**Directions for this task**
Each line from the one containing "SACDプレーヤ-『DP-7" through the last line of the records is to be repeated exactly, with all pictures left out.

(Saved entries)
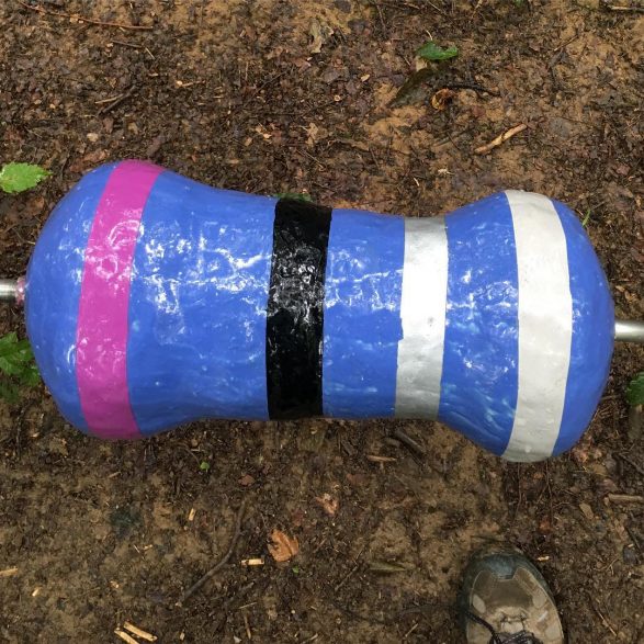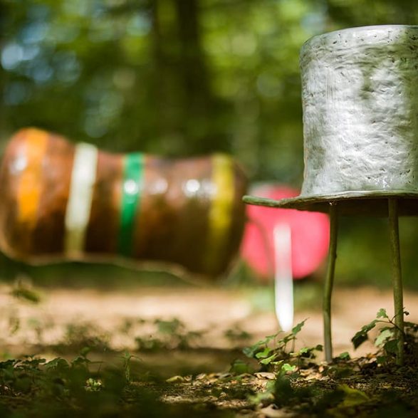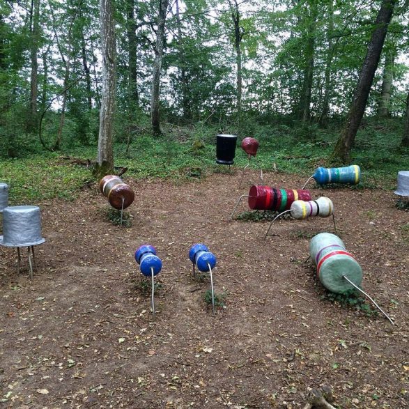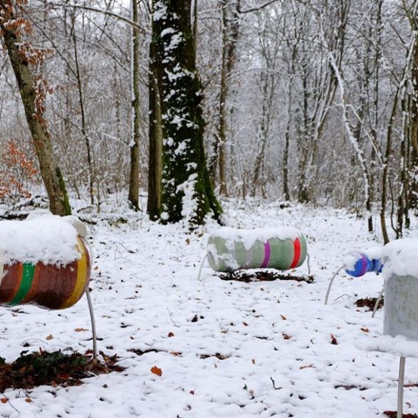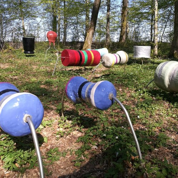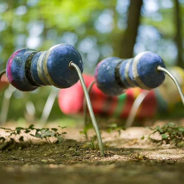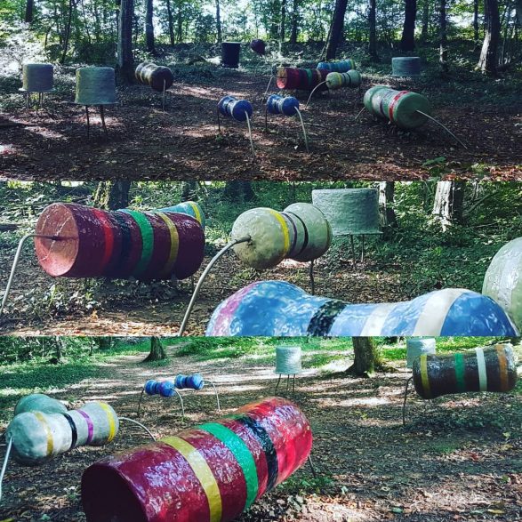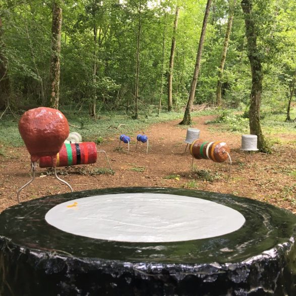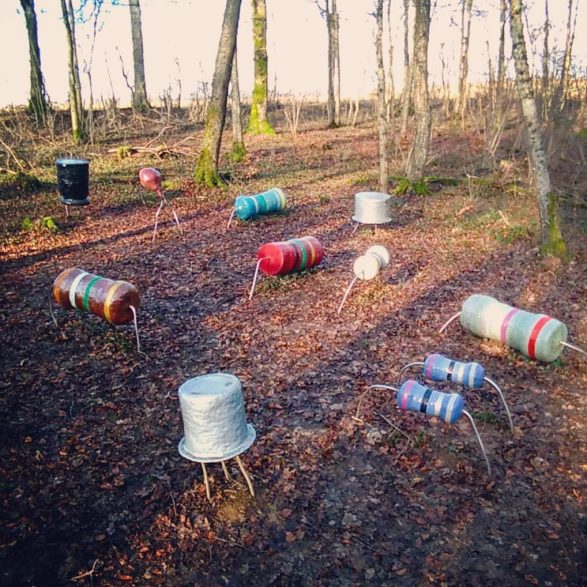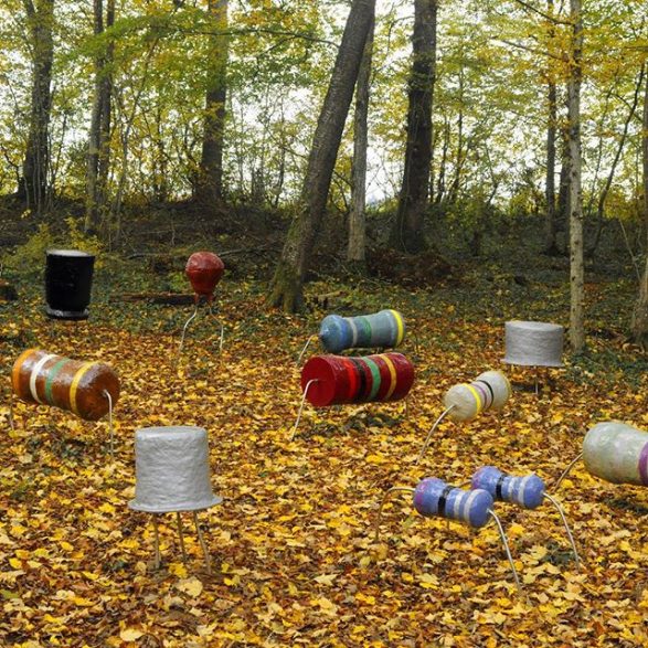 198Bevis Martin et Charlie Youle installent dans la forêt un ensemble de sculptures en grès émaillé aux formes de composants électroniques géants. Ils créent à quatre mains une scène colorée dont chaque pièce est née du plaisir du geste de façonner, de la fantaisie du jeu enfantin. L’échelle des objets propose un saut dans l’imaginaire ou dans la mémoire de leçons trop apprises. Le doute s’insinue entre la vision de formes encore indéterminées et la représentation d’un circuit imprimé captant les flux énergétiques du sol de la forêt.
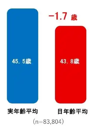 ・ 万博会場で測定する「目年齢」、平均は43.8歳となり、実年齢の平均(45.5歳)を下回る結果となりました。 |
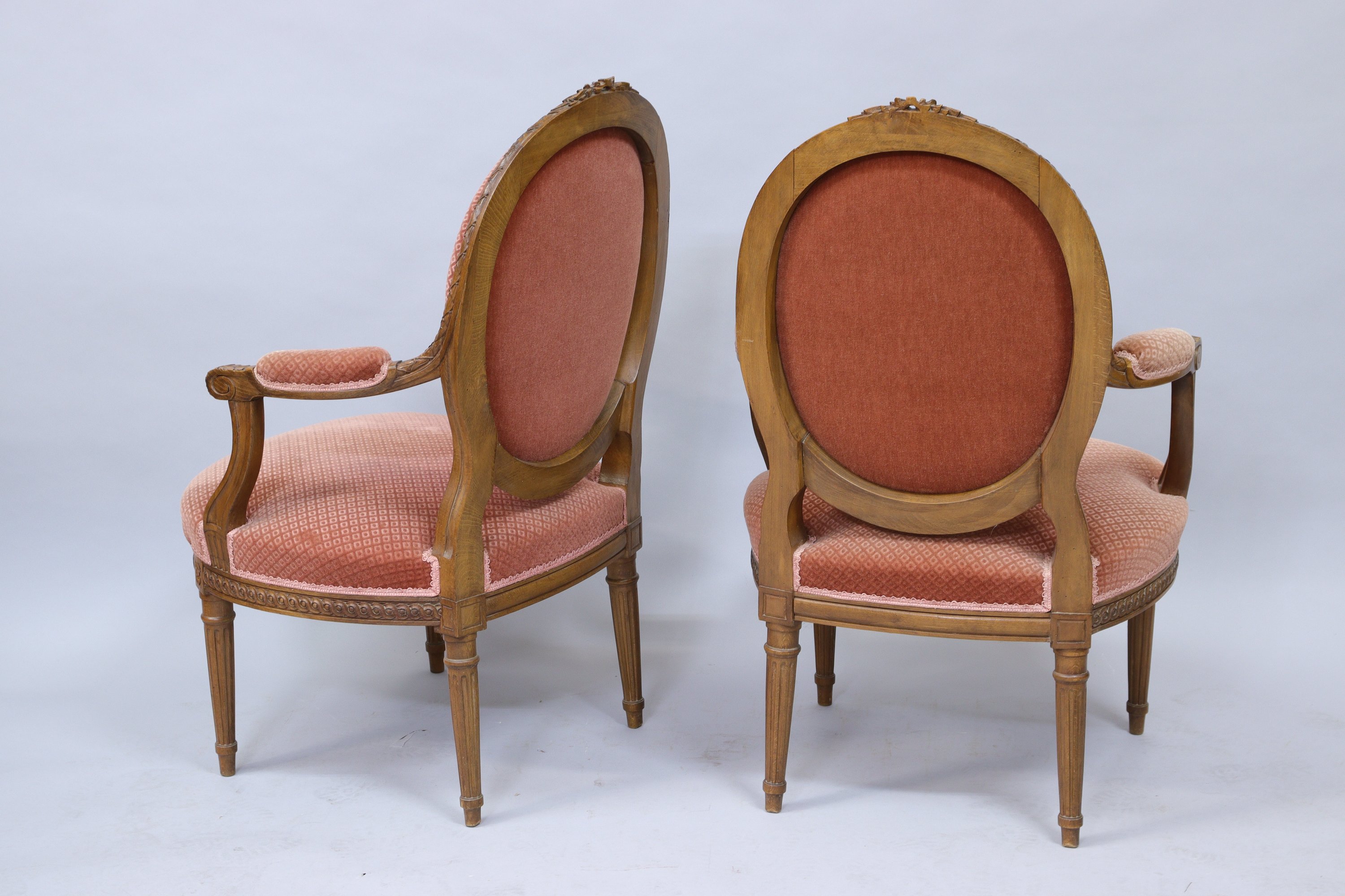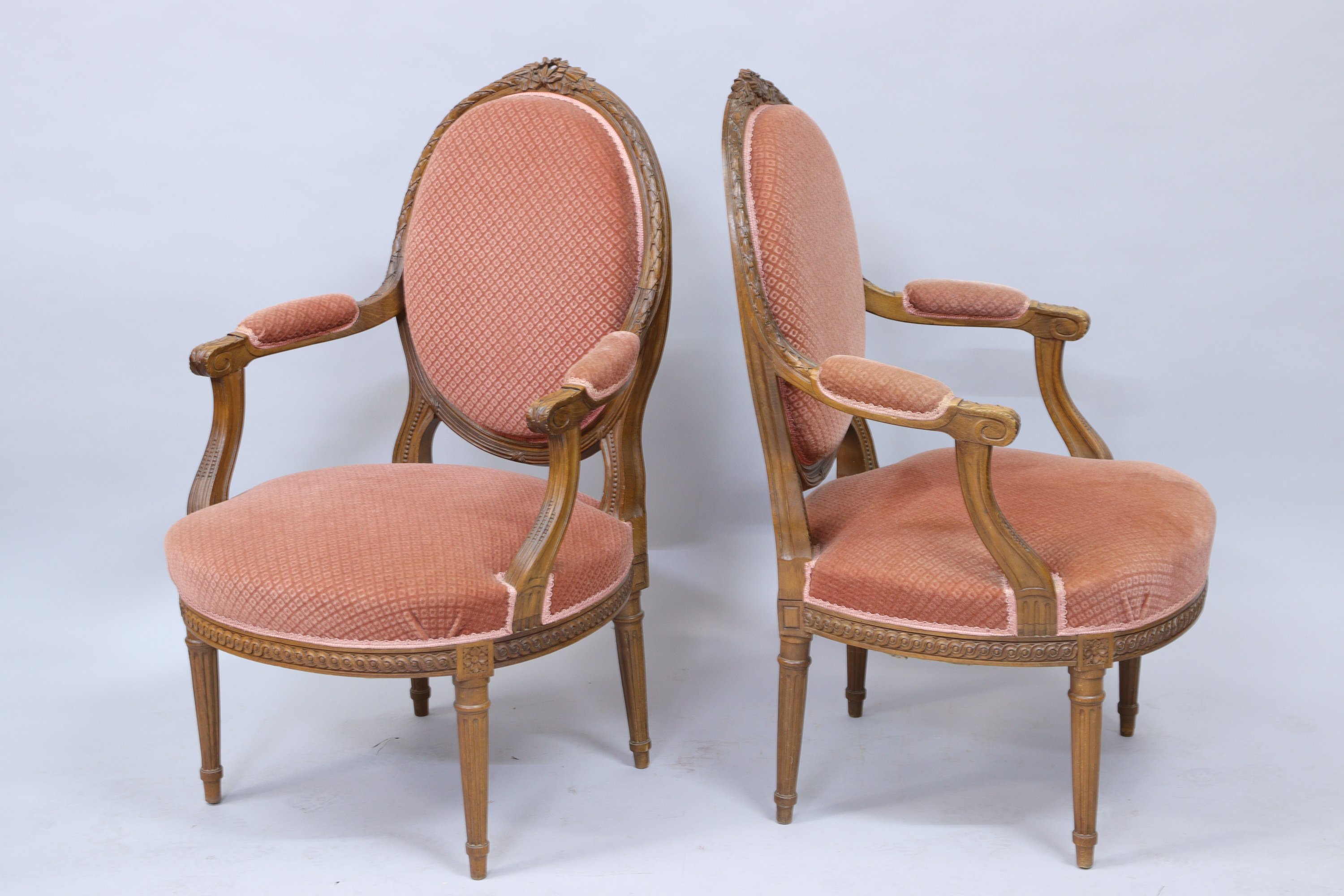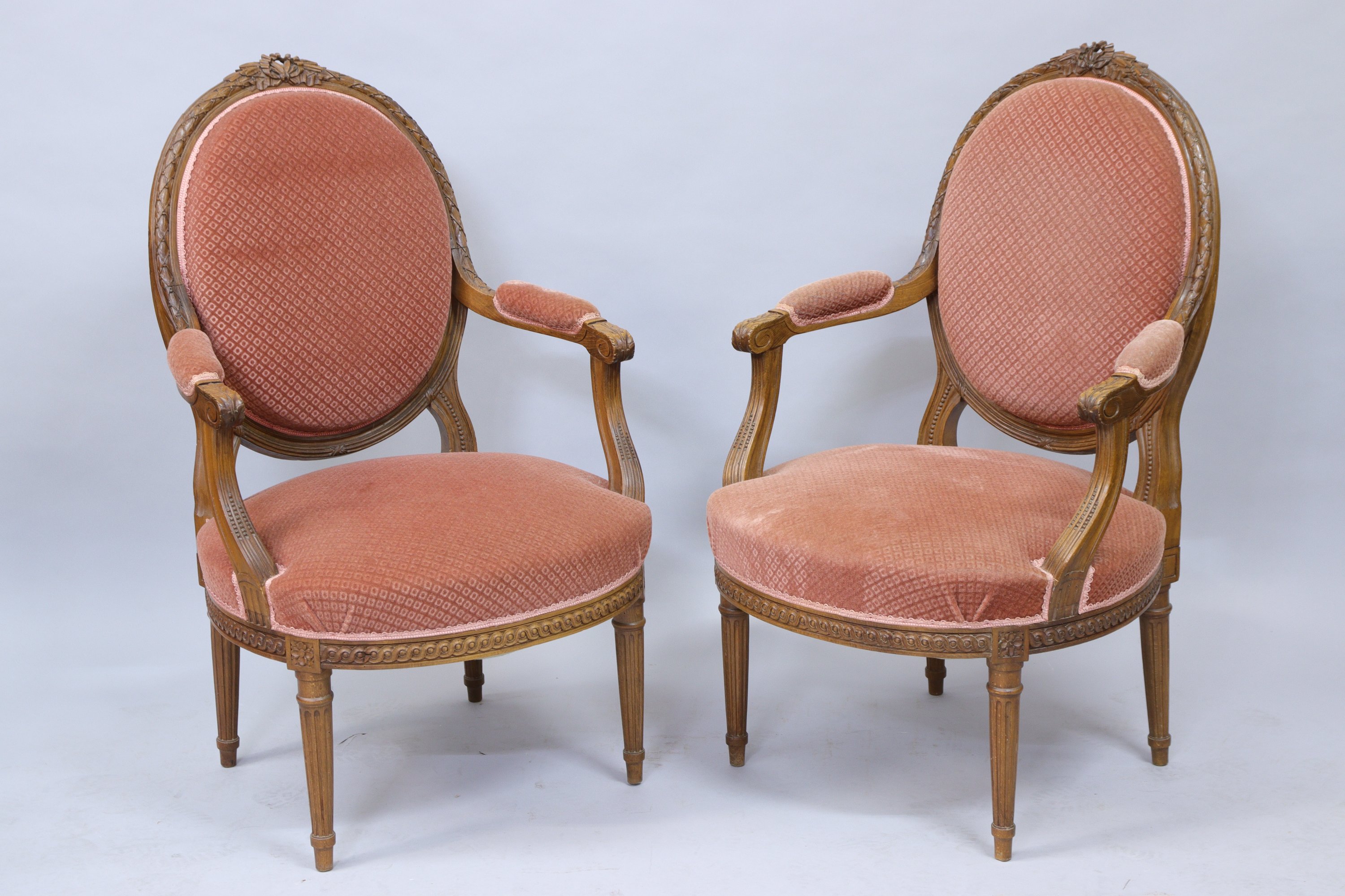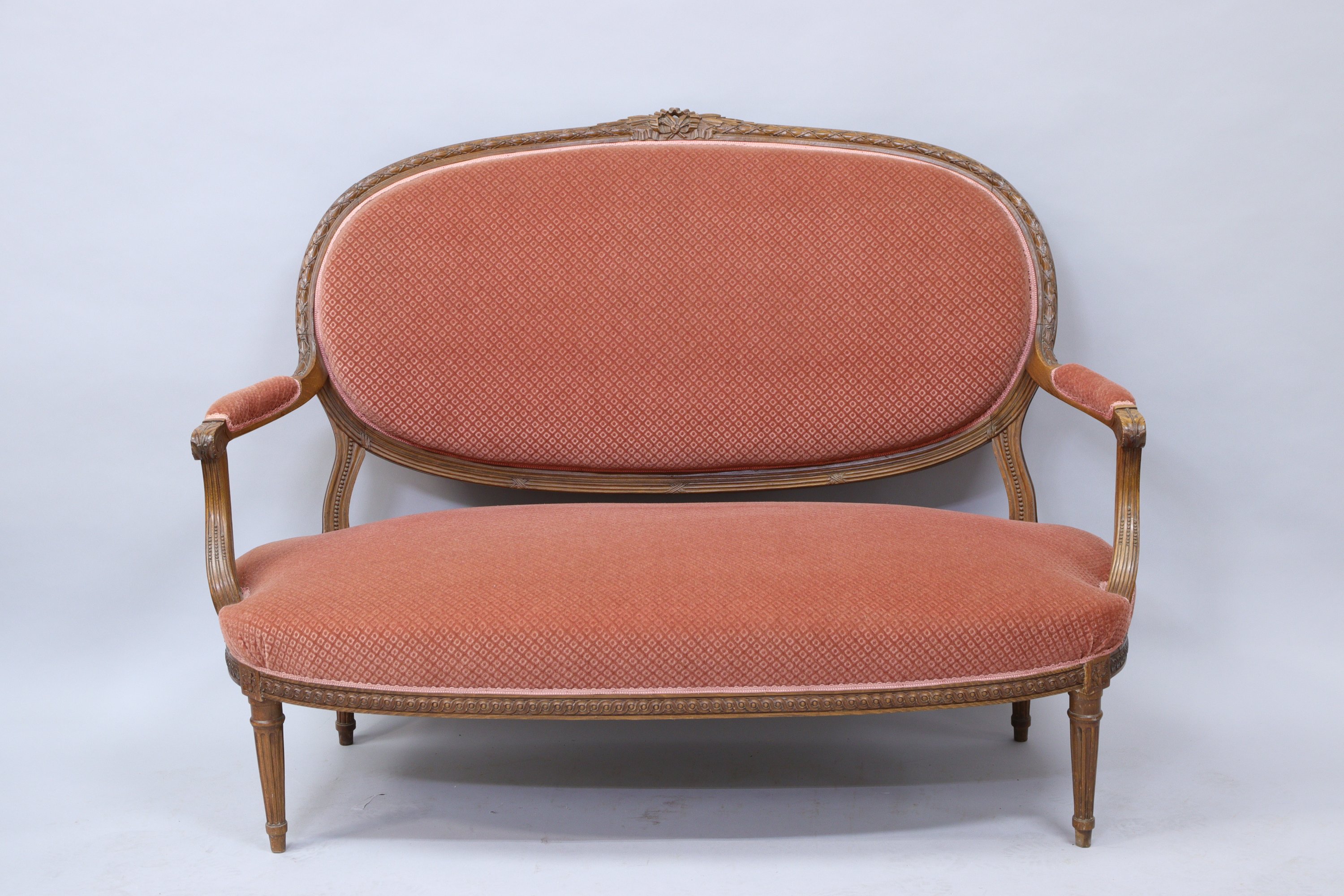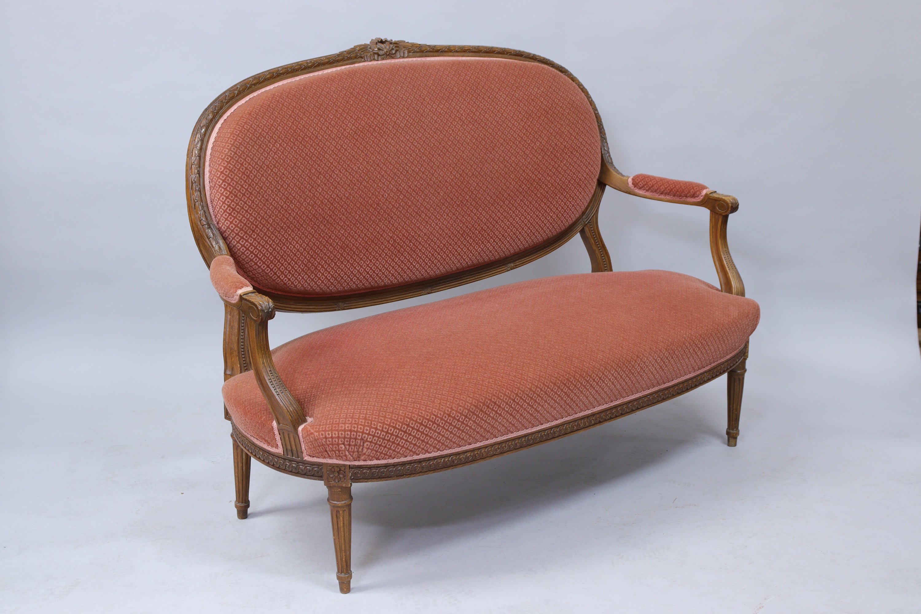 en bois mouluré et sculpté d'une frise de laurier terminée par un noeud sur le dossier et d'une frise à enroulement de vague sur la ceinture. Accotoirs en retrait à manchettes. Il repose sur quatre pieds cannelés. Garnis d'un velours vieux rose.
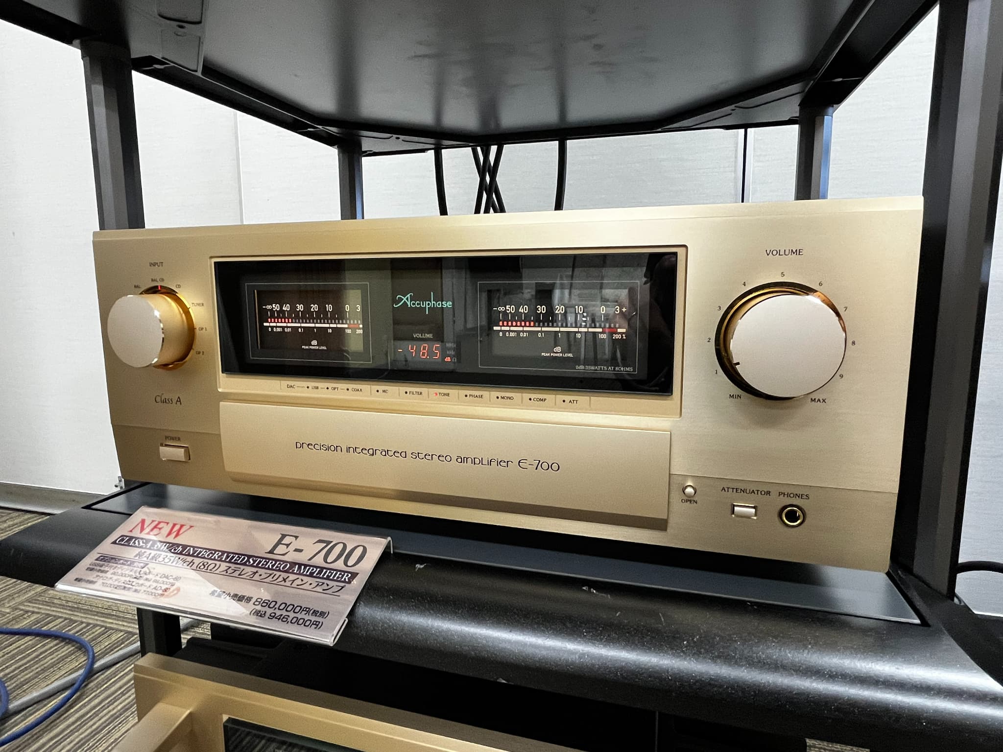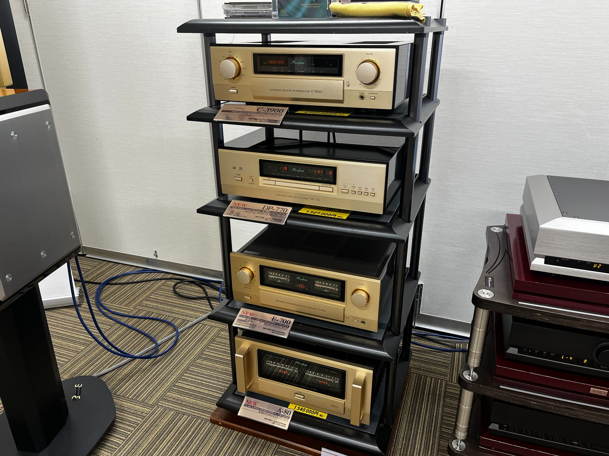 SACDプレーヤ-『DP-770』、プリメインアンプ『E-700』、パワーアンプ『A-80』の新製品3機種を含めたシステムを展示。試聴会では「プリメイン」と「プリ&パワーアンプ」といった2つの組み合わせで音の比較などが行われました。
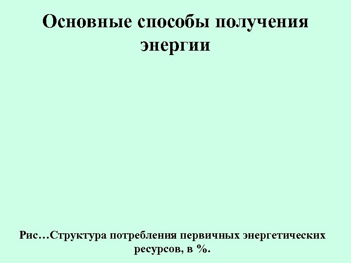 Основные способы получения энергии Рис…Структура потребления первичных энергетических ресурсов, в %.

**Expected answer**
 SACDプレーヤ-『DP-770』、プリメインアンプ『E-700』、パワーアンプ『A-80』の新製品3機種を含めたシステムを展示。試聴会では「プリメイン」と「プリ&パワーアンプ」といった2つの組み合わせで音の比較などが行われました。
 Основные способы получения энергии Рис…Структура потребления первичных энергетических ресурсов, в %.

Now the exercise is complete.